Poetry Unit

Craft


As with other genre studies, we devote 3-5 days to “reading like a writer,” noticing craft strategies in a few touchstone texts and trying these strategies with our own works-in-progress.

In this stage, we begin to study published poems more closely, looking at the ways in which the poems are assembled, or crafted. We choose a few touchstone texts and dissect them, noticing the intentional decisions that the poets made and their overall impact on the final poem.

Pictured below is a noticing chart created by one class while looking closely at “The Summer Day” by Mary Oliver (the text of the poem is also attached in the files at the end of this page). When we read like writers, we not only notice the exact words of the text but also try to name what it is the poet is doing and hypothesize why the poet chose to write the poem in this way. This helps us become more discriminant in choosing craft strategies for our own texts.

Looking Closely at Poems

As you become more familiar with the poetry unit and its lessons, you may notice that several of the mini-lessons can work in more than one place in the unit.
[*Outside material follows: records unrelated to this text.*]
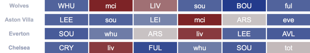 Aston Villa’s next three matches look fine on paper, but top two Man City and Arsenal follow, while Everton’s fixtures are a decidedly mixed bag. They will also have to navigate the next three weeks without key midfielder Alex Iwobi (£5.4m), who picked up an injury at Old Trafford in the FA Cup.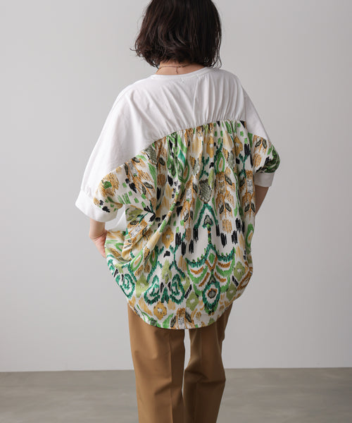 インパクトがある柄をドッキングした主役カットソー! 背中部分にダイナミックな柄素材をドッキングしているので、1枚で様になります。 前身頃のカットソー部分は、毛羽立ちしにくい加工をしているので、 キレイな印象があり女性らしい印象のカットソーです。 加工のおかげで長くキレイな状態がたもたれます◎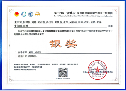 第十四届挑战杯秦创原创业计划竞赛国赛银奖(王宇琦等) |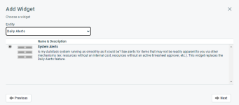 - Seleccione Alertas diarias como la entidad, haga clic en el widget Alerta de sistemas y haga clic en Siguiente.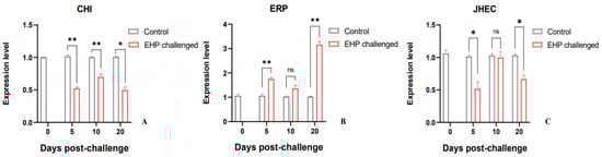 Relative expression levels of growth-related genes CHI (A), ERP (B) and JHEC (C) in the hepatopancreas of P. vannamei after EHP infection (mean ± SE, n = 6). The superscript symbol * depicts the statistical significance at p < 0.05, and ** depicts the statistical significance at p < 0.01. ns: not significant.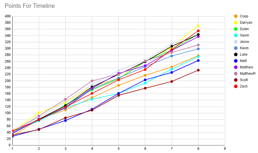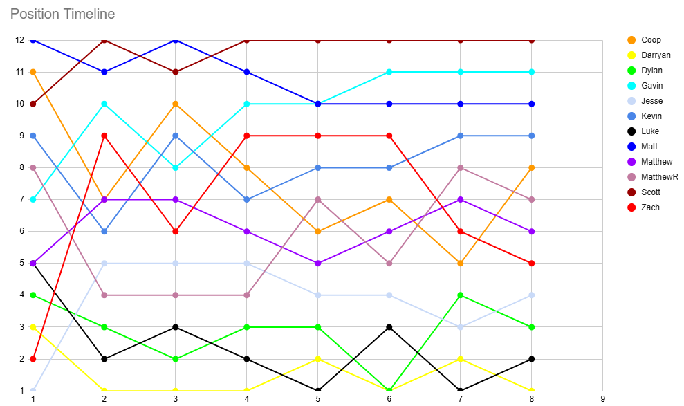On the bubble (in no order): ZachA, MatthewR, John Fell off: ZachA, MatthewR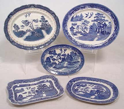 5 BLUE WILLOW PLATTERS: Spode ''Ye Olde Willow'', 12/5'' x 9.5''. Booths ''Real Olde Willow'', 15 3/4''. Bisto England large oval platter, 16 1/4''. An English platter, 12 1/2''l, and a Japanese Blue Willow platter, 12'' oval. No chips or cracks.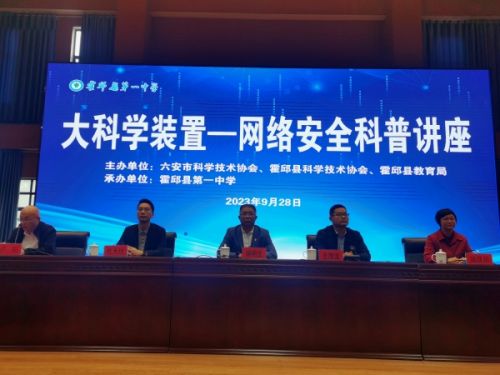 9月28日上午,霍邱縣“大科學(xué)裝置—網(wǎng)絡(luò)安全科普講座”活動(dòng)在霍邱一中圖書館報(bào)告廳舉辦。霍邱縣科協(xié)副主席陸躍華與霍邱一中黨委書記王德寶、校長(zhǎng)楊明生,教科室、團(tuán)委負(fù)責(zé)人參加了活動(dòng)。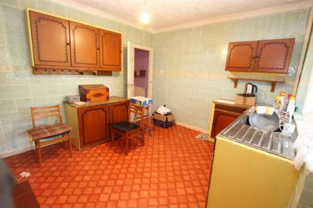 Single drainer sink unit with cupboard under, further range of fitted cupboards, one housing wall mounted gas boiler (not tested), window to rear, part glazed door through to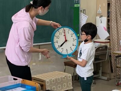 1年生のときには、「何時、何分か」を時計の針を見て読めるように学習しました。ここでは、時刻と時刻の間、つまり「時間」を生活に生かせるように学習していきます。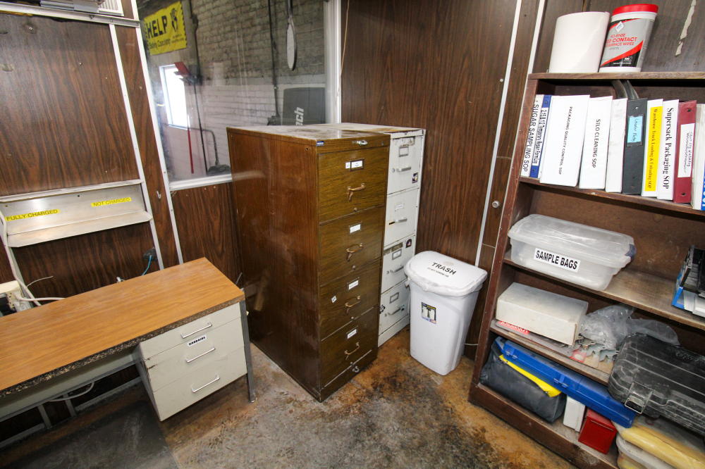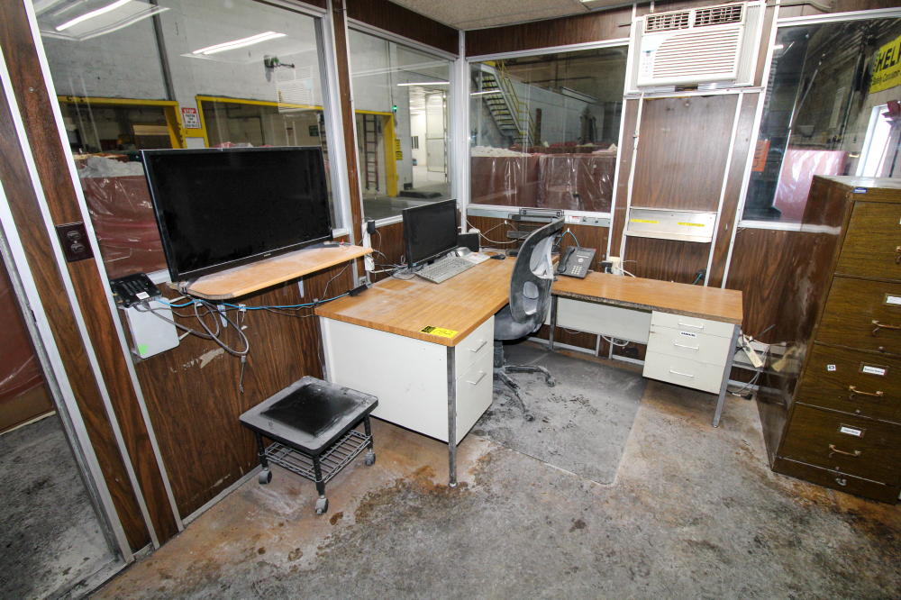 CONSISTING OF BUT NOT LIMITED TO: 149"L x 125"W Outside Dimensions; 30" x 50" Metal Desk, Wood Grain Laminate Top, 72" x 18" Hutch; Wood Bookcase, 4-Shelves; (2) Metal 4-Drawer Filing Cabinets; (2) 5-Roller Base Office Chairs, Mesh Back; Crosley A/C Unit; Samsung 24" Monitor; Samsung 32" Monitor; Keyboard and Mouse; APC Backups 425 Battery Backup; Avaya Handset, Printing Calculator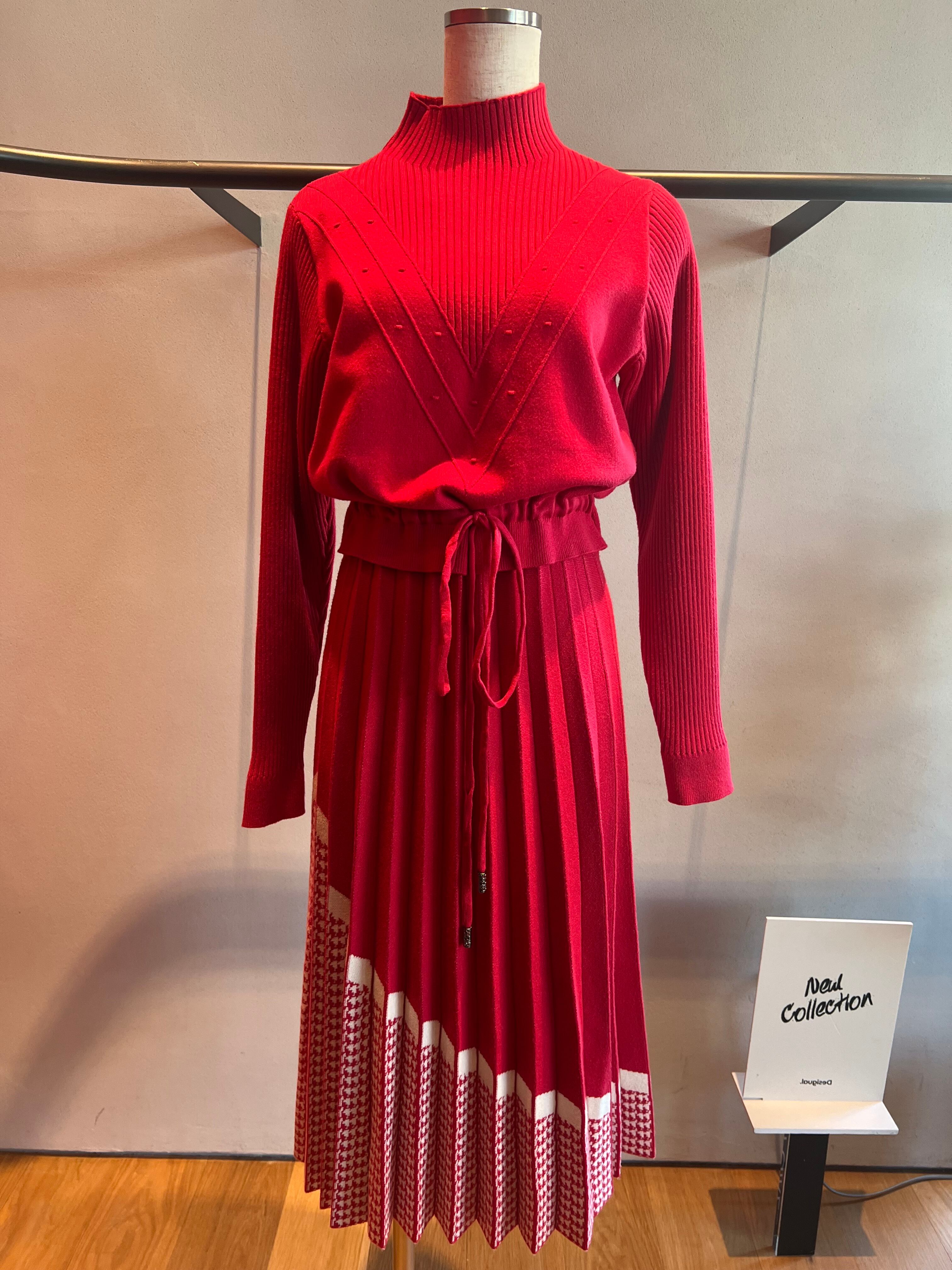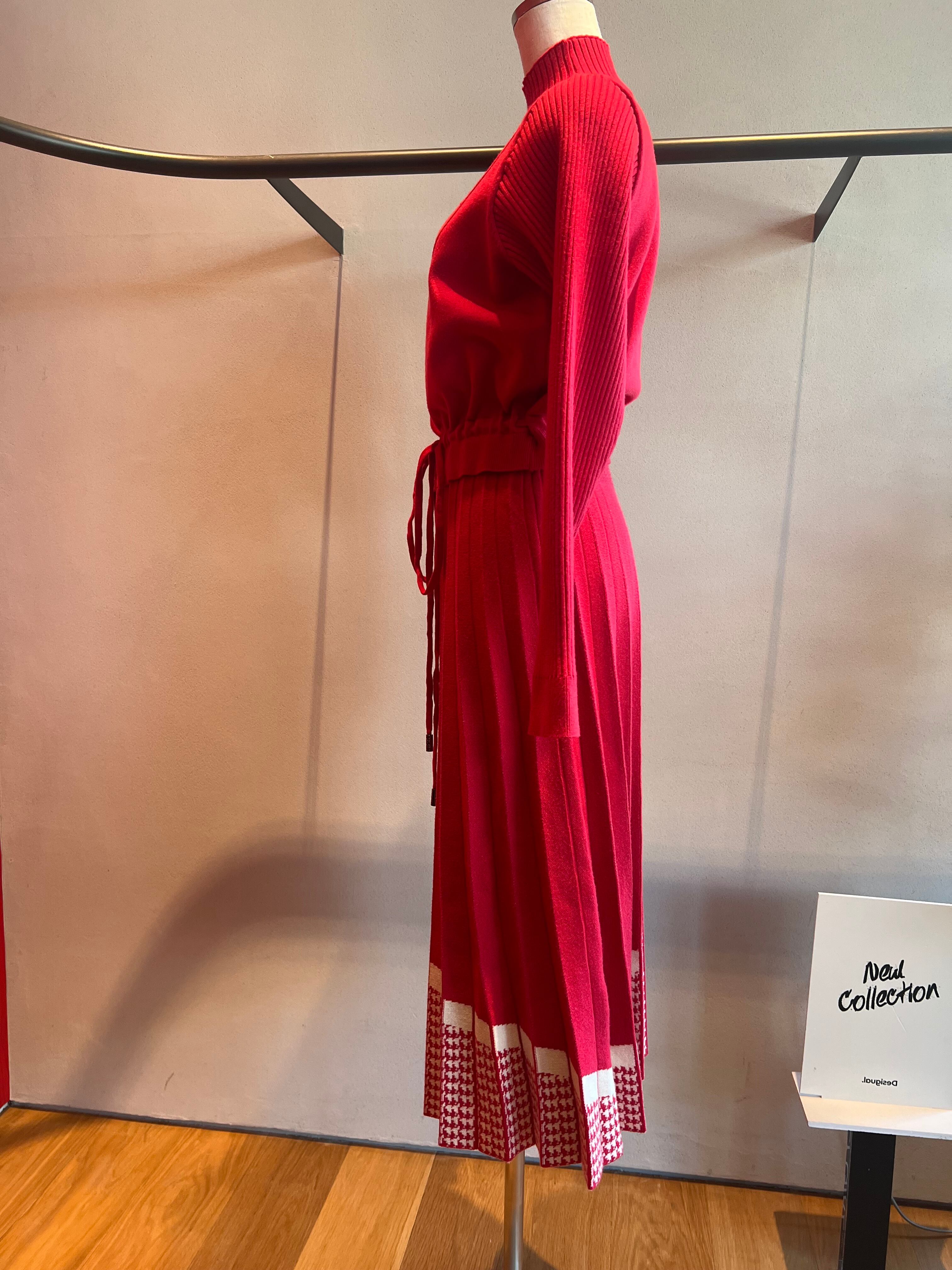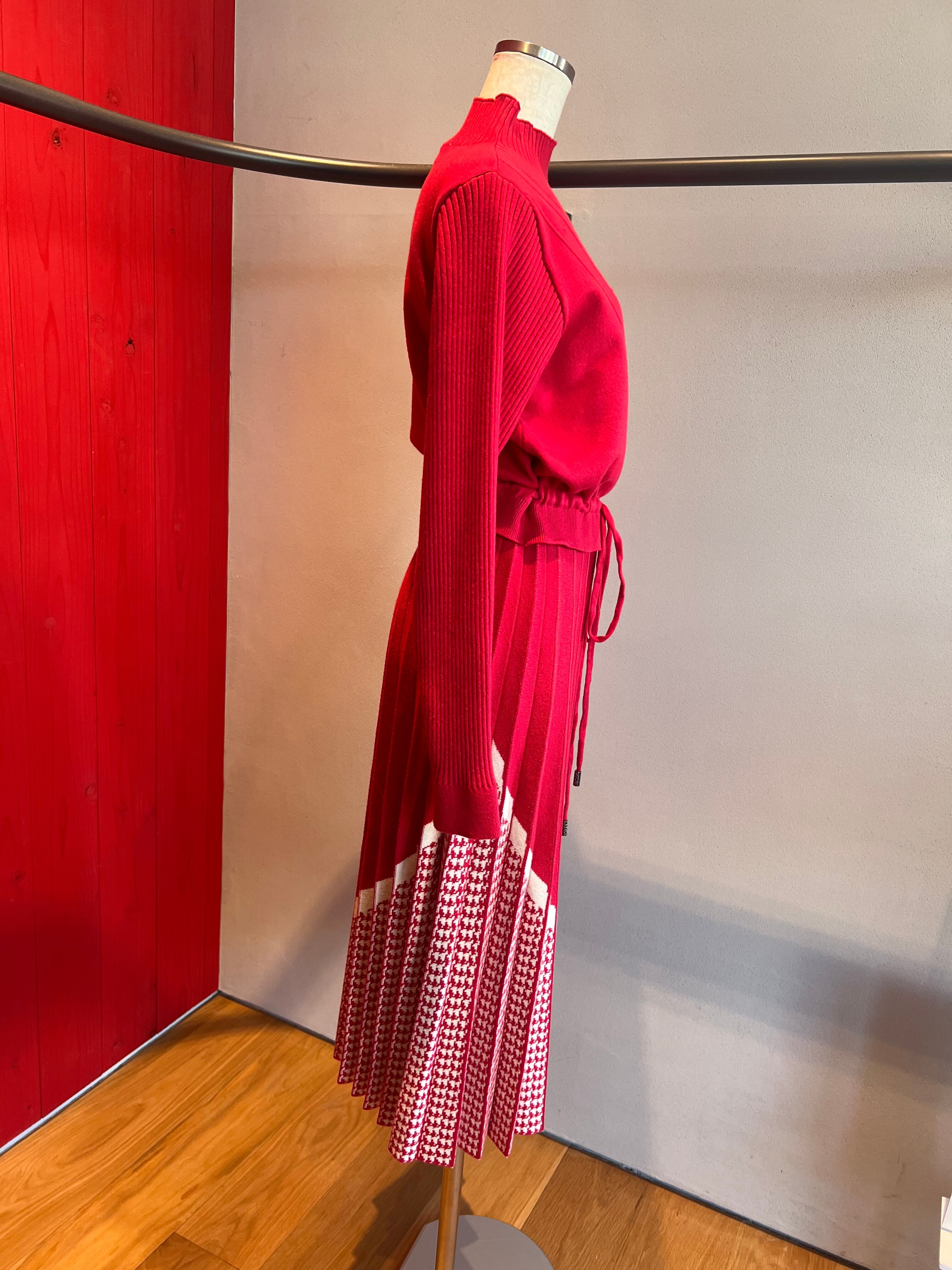 裾千鳥柄プリーツハイネックウエストドロストニットワンピース

For example, a lesson on line breaks and white space could appear during the craft phase (before drafting) or during the revision phase (after drafting). In this module, we have placed the line breaks lesson in both places to remind you that you can choose where this lesson best fits in your classroom. This may be true of other lessons as well, because many good revision lessons are actually based on craft observations.


Teacher Try-It:

Repetition. Study the poems in the touchstone packet below, paying particular attention to how these poets used repetition. Then choose a line or phrase from one of your poems-in-progress and experiment with different ways and patterns of repeating it.